The federal deficit, energy policy and the farm bill were sharply debated in Bismarck Thursday night by Rep. Rick Berg, R-N.D., and former Democratic Attorney General Heidi Heitkamp.
A capacity crowd inside the Horizon Middle School auditorium gathered to see the two Senate candidates spar for the final time before Election Day, and they wasted no time sharing differing views on the actions of leaders in Washington D.C. in regards to the federal deficit.
“I believe the North Dakota way is the right way. We went off the ditch in a bipartisan way,” Heitkamp said. “All problems in America can be solved ... if we stop playing political games. We have to sit down together to work on these (problems).”
Berg agreed that the problem in Washington is partisanship.
“The first step is you need a budget,” Berg said. He added that the Democratic-led Senate hasn’t passed a budget in three years.
Berg said Heitkamp has stated that she’d support Majority Leader Harry Reid, D-Nevada, to remain in his role if elected.
“He’s not come to the table in three years,” Berg said. “You have to have a budget, you need to have a plan.”
Heitkamp said she has nothing to do with the current Senate leadership’s failure to pass a budget.
“I think it’s atrocious that we don’t have a budget,” Heitkamp said.
Heitkamp then pointed to the budget sequestration facing Congress during the lame duck session following the election. She said sequestration would be “a disaster” for jobs and for the economy if allowed to take place. Sequestration is a series of across-the-board budget cuts that would kick in at the end of the year due to last year’s failure to reach a budget.
The conversation soon was directed to what tax loopholes the candidates would favor closing to help rein in the deficit.
Berg said he favors an overall simplification of the tax code. He said he’d start with lowering the corporate and individual income taxes to 25 percent and go from there.
Heitkamp countered that Berg’s proposal “lowers taxes for the very wealthy among us and raises taxes for the middle class.”
Berg then retorted that the difference between the two candidates should be very clear to voters.
“My opponent supports higher taxes. You can’t raise taxes and grow America’s economy,” Berg said.
Heitkamp said Berg was incorrect. She said she also sees the need for a reduction of the corporate tax rate “but we need to broaden the (tax) base.”
The two were also at odds over energy policy.
“I think we can really learn a lot from North Dakota nice,” Berg said. He went on to outline the EmPower North Dakota initiative launched in the early 2000s. The initiative brought stakeholders in the fossil fuel and renewable energy sectors together, developing a state energy policy that focuses on having the various energy sectors working together rather than competing, he said.

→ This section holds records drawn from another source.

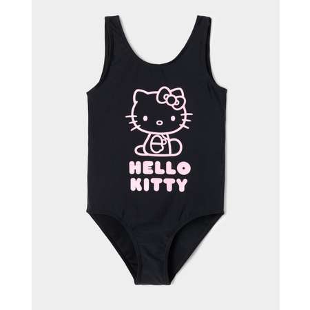 Чёрный слитный купальник для девочки Hello Kitty с контрастным принтом.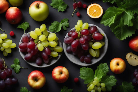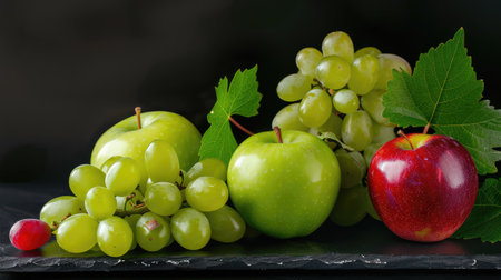 A stunning arrangement of fresh green apples and juicy grapes alongside a vibrant red apple, enhanced by green leaves on a dark slate surface.
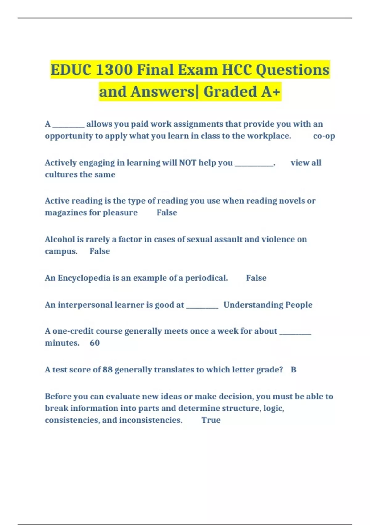 EDUC 1300 Final Exam Test Bundle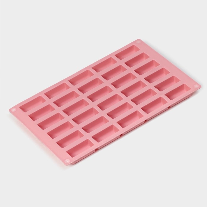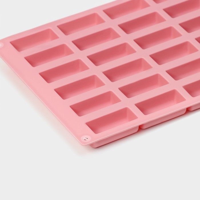 Форма для конфет и шоколада Доляна «Батончик», силикон, 28×17,5×2 см, 30 ячеек (4,3×1,7 см), цвет розовый
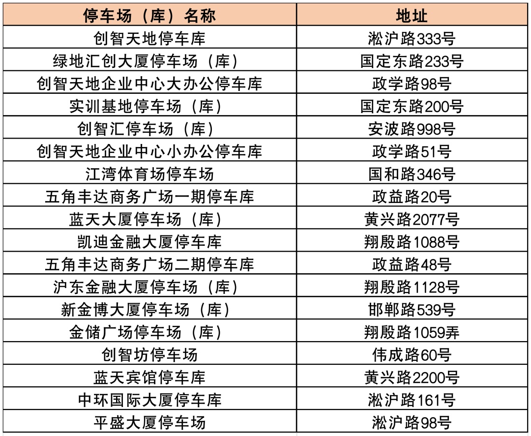 注:各停车场(库)泊位数量、收费标准以现场信息为准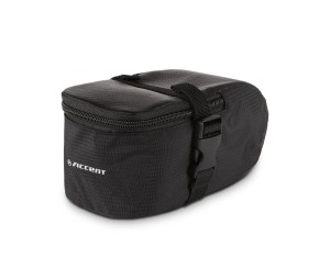 Torebka podsiodłowa wykonana z bardzo trwałego, odpornego na uszkodzenia poliestru 400D. Górna i dolna zewnętrzna część torebki zostały pokryte wodoodpornym, grubym i zwartym materiałem dla solidnej konstrukcji i łatwego czyszczenia powierzchni - wystarczy wilgotna ściereczka, aby usunąć zabrudzenia z błota czy pyłu. Dzięki wzmocnieniu grubą warstwą tworzywa od środka, powstał sztywny i solidny stelaż zwiększający bezpieczeństwo zawartości torebki podczas upadku. W łatwy sposób mocowana do stelaża siodełka za pomocą dwóch bocznych uchwytów zamykanych na klamry. Z łatwością pomieści podstawowe przedmioty niezbędne na wycieczkach rowerowych, takie jak zapasowa dętka czy klucze imbusowe. Torebka wyposażona jest także w odblaskowe logo zwiększające bezpieczeństwo na drodze. Dostępna w dwóch rozmiarach: M i L.

Berg said a similar business-friendly environment is needed on the national level. He pointed to statements of anti-fossil fuels rhetoric made by Reid in the media and he said President Barack Obama has a hostile attitude toward fossil fuels.
“When the president says ‘all of the above’ what he really means is ‘nothing from below,’” Berg said.
Heitkamp said the nation’s energy policy needs to focus on fossil fuels while allowing for aggressive development of renewables.
“There has to be a path forward with renewables,” Heitkamp said.
She also expressed her disappointment with Obama’s rejection of the Keystone XL pipeline.
“It was an absolute folly on the president’s part,” Heitkamp said.
The politics surrounding the current farm bill caused the two to trade barbs.
The Senate passed a farm bill in June. The House Agriculture Committee passed its own version in July, but ultimately House leadership kept it from being brought to the floor for a vote.
“What happened is absolutely inexcusable,” Heitkamp said. She went on to accuse both House Republicans and Berg of failing to pass a farm bill before the current bill expired Sept. 30.
“Agriculture has been a non-partisan issue for the last two years,” Berg said. He noted that approximately 80 percent of the farm bill is food programs such as food stamps. Berg said the degree of food stamp cuts was the biggest sticking point between the House and Senate bills.
“Ag is important to me,” Berg said.
Berg added that House Speaker John Boehner, R-Ohio, has said the farm bill will be dealt with during the lame duck session.
Heitkamp called Berg’s efforts to try and force a vote on the farm bill by getting members of Congress to sign a discharge petition was too little, too late.
“Do we have a farm bill today? The answer is no,” Heitkamp said.
The debate was sponsored by League of Women Voters, The Bismarck Tribune and Dakota Media Access.